Personalized Immunotherapy for Resistant Lung Cancer Mutations - European Medical Journal Personalized Immunotherapy for Resistant Lung Cancer Mutations - AMJ

Personalized Immunotherapy for Resistant Lung Cancer Mutations

A NEW study from The University of Texas MD Anderson Cancer Center, Houston, Texas, has revealed that a combination of dual immunotherapy and chemotherapy improves outcomes for patients with metastatic non-squamous non-small cell lung cancer (NSCLC) who harbor specific mutations. Patients with STK11 and/or KEAP1 tumor suppressor gene mutations, known for their resistance to standard treatments, showed better responses to the addition of the immunotherapy drug tremelimumab, combined with durvalumab and chemotherapy.

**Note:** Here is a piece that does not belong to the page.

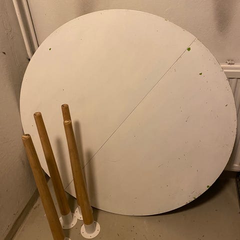 Myydään vintage pyöreä pöytä jatkopalalla. Halkaisija 110cm +35cm jatkopalaa. Korkeus 73cm.

The study highlights these genetic mutations as potential biomarkers to identify patients likely to benefit from this combined treatment strategy. The results showed improvement in overall response rates, with 42.9% of patients in the combination group responding to the therapy, compared to 30.2% in the immunotherapy and chemotherapy group alone, and 28% with chemotherapy alone.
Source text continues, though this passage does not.